You may have already worked out for yourselves that I’ve been spooked this week. It’s been one of those ‘little sparks that fly and then land like dynamite’ in my world. One of those chains of events that you can never anticipate. You know, a man from a long time ago sees his sister’s wedding video from a lifetime ago and remembers a girl that he once loved. He Googles her name and finds PBASE. She is thrown into a quagmire of memories and starts to evaluate her life and what that love meant.
I’ve told of how it affected my life in two ways already but I’ve been drawn today to tell of another aspect of how it has shaped me as the human being that I am these days.
When I met David I used an analogy to try to explain my happiness and exuberance in our relationship. I explained that I felt as though my emotions were a sad old jack-in-a-box that had long since had the Jack squashed down inside the box and been tucked away in the corner of a dusty attic, never to be seen again. Meeting David was like a new person exploring the attic, coming across a dirty, dusty, cobwebby box and opening it to find inside a colourful, smiling, jolly Jack bouncing out. Now the Jack is out of the box, I’m determined never to let it be put away again.
I suppose people all use different coping mechanisms to deal with pain. Mine is to tuck it away in the darkest recesses of my mind and avoid going anywhere near it if at all possible. That’s why I made completely sure I would never need to come face to face with my misery again.
It’s so easy to hide from yourself in this way. I simply made sure that every relationship I had was with someone who would never demand anything from me. It’s easy to spot men who are relationship phobes and I just made sure that I picked out those guys. To such an extent that I had a long relationship (over several years) with a man who was the singer of a band and spent most of his time on the road touring in the USA and in Europe. He was a dead cert for me….handsome and desirable as well as completely and utterly unlikely to ever demand more from me than I was willing to give.

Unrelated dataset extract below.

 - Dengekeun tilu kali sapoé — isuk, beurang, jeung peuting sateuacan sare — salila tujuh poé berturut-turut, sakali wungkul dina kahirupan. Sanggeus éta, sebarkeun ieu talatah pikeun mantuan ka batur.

It worked well, we saw each other each week when he was in the UK but when he was touring I spent my time with my friends. He made me laugh and we had fun together. It was a good arrangement. I never needed to face up to the end of an emotional relationship because it wasn’t about emotions, it was about fun.

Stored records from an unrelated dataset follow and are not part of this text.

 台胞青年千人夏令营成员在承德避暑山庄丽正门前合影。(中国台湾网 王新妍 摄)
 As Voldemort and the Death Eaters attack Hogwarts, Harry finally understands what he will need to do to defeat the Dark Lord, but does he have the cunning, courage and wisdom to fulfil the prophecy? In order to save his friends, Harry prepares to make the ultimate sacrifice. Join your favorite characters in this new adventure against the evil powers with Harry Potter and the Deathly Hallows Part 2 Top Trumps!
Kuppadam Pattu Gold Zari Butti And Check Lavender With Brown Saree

Once, I made a mistake and nearly got myself killed for it. I met someone who I thought would never pressurise me but I was wrong. Within a few short months he was talking marriage and rose covered cottages but I couldn’t do that - I was still of the view that you could only get married if you loved someone. I was incapable of love. He got angry and wouldn’t accept me walking away. He tried to harm me. I can’t go into details but it wasn’t nice.
I got married out of sheer, unadulterated loneliness. I was living alone and just needed the company of another soul to give my life structure. I made sure my husband wouldn’t demand any real emotion from me too. I still avoided confronting the box at the back of the attic. I still kept denying its existence.
I met David only months after I married. I was able to use my marriage as part of my disguise. I couldn’t get into a relationship with him because, heaven forbid, I was married already so going to his flat was out of the question. We flirted for months. I discussed him endlessly with Claire.
Something happened to me in 2000. I was approaching 40 and I got into a major flirtation with a man who would never have been right for me but the spark that hit me on that day was one that told me I was ready to experience a deeply emotional relationship again. It had only taken 20 years to get there but I got there eventually.
Realising that I wanted more than anything to wake up in the arms of someone who cared about me was such a revelation. I thought I’d managed to kill off that need many years earlier. I thought I’d been really successful at being the ‘un-dead’ emotionally. I thought the love and friendship of my friends along with the camaraderie of my colleagues would always be enough. I was wrong and I had to do something to give myself the chance to experience that – even if it never happened I needed to allow myself the opportunity. I had to become single again.
I was fully prepared to face living alone and dying alone in order to open up my life to the chance of meeting someone who might love me. I took a huge risk.
David came back into my life and the box was found. It was opened and all of my misery blew away on the wind of change. My life has meaning and my dream has been realised. Each morning we wake up in one-another’s arms and I get up knowing that at the end of the day I will climb back into his arms to drift off to sleep. I have found I am capable of love. I am capable of intense feeling and, most of all, I am ALIVE.